Exercise in exact copying: restate word for word only the lines below from the one containing "ELISA: The plate" through the one containing "Web, UI Design", omitting any pictures.

**Data to process**
------------------------------------------------------------

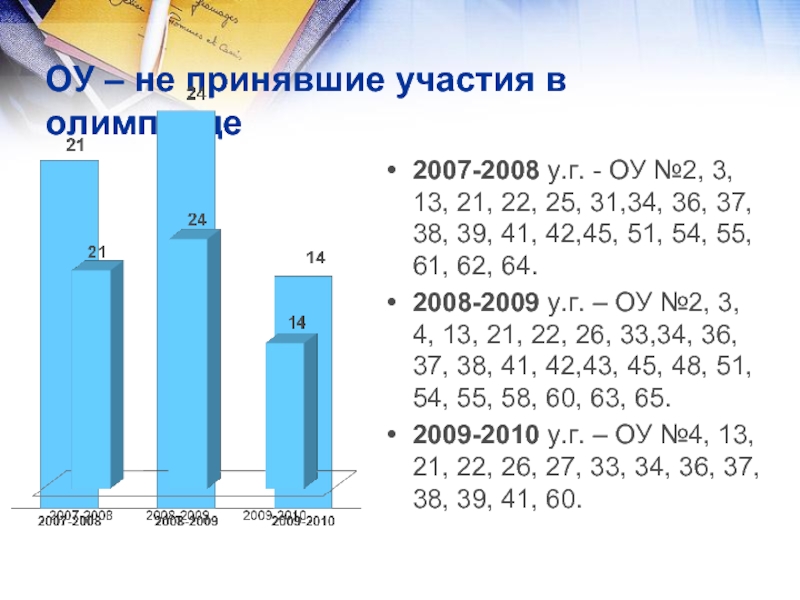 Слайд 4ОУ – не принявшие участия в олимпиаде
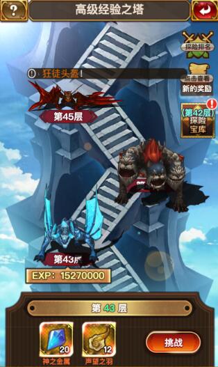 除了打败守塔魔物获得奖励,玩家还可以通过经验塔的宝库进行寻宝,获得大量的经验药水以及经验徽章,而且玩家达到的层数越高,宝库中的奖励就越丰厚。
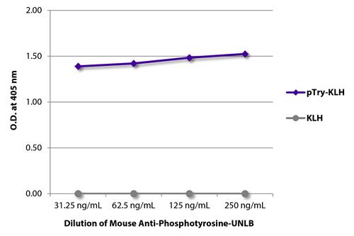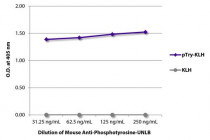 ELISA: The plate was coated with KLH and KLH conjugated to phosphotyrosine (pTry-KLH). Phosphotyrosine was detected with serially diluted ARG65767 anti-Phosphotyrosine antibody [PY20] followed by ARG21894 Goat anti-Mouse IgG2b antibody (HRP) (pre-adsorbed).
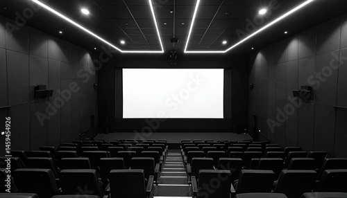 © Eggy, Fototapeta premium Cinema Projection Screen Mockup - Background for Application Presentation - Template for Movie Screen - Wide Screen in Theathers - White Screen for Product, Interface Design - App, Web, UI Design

------------------------------------------------------------

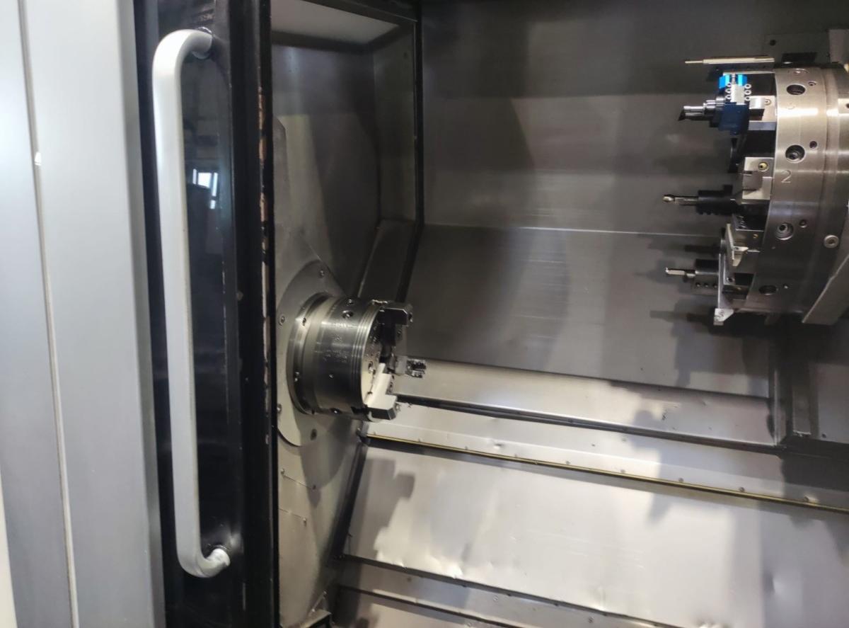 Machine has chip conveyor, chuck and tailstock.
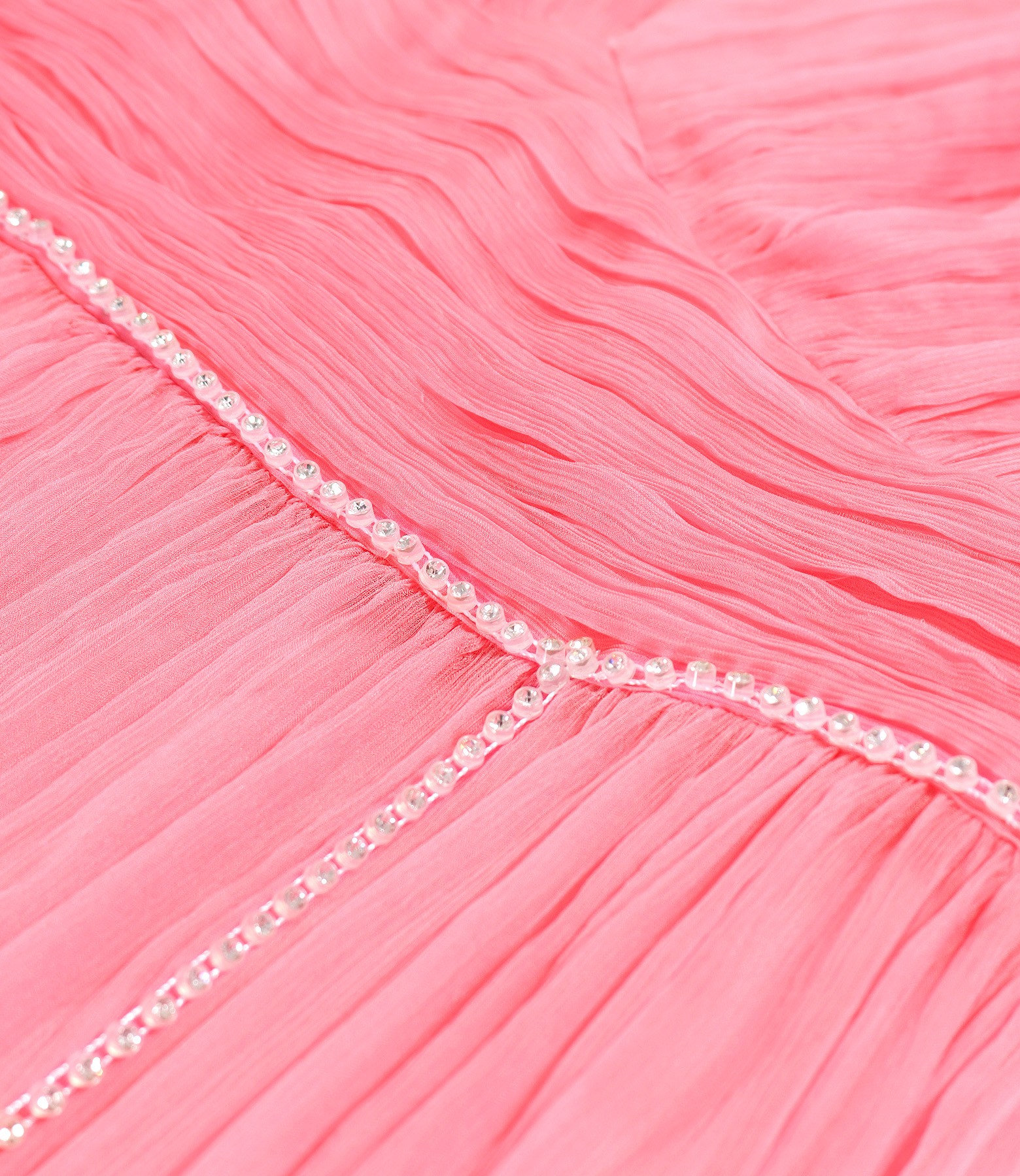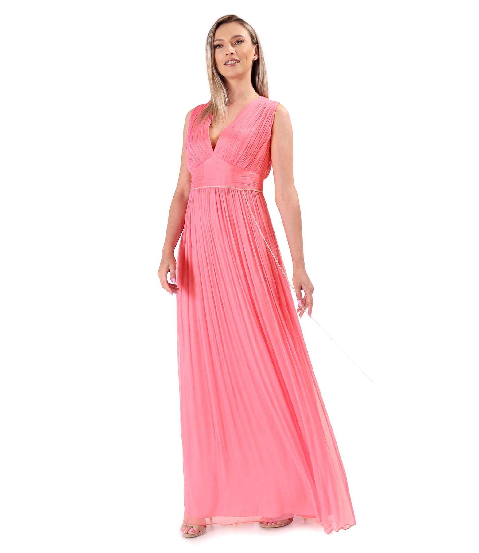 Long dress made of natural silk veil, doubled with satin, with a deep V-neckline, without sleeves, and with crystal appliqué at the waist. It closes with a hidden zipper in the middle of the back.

------------------------------------------------------------

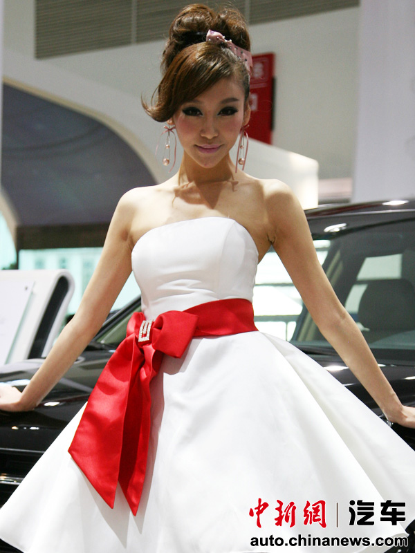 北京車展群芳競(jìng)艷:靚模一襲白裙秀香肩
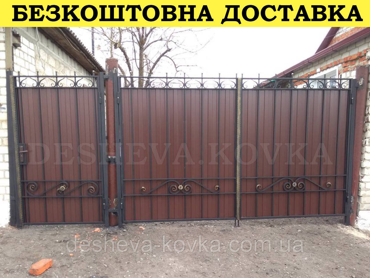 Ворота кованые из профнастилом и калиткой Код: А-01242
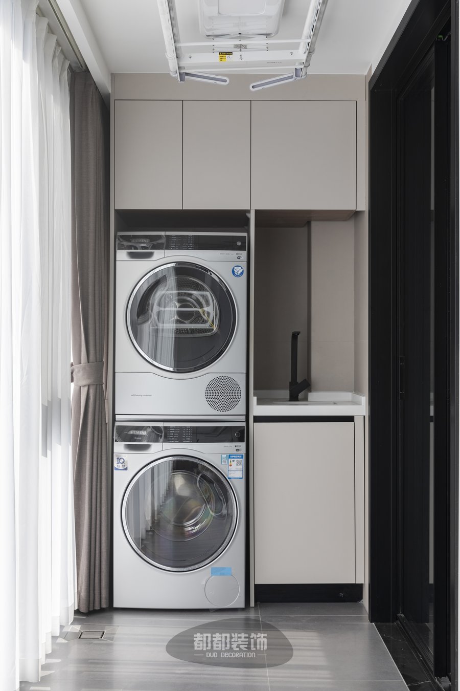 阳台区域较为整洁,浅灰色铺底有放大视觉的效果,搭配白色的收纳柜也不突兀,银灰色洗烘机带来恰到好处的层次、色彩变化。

------------------------------------------------------------

**Task output**
 ELISA: The plate was coated with KLH and KLH conjugated to phosphotyrosine (pTry-KLH). Phosphotyrosine was detected with serially diluted ARG65767 anti-Phosphotyrosine antibody [PY20] followed by ARG21894 Goat anti-Mouse IgG2b antibody (HRP) (pre-adsorbed).
 © Eggy, Fototapeta premium Cinema Projection Screen Mockup - Background for Application Presentation - Template for Movie Screen - Wide Screen in Theathers - White Screen for Product, Interface Design - App, Web, UI Design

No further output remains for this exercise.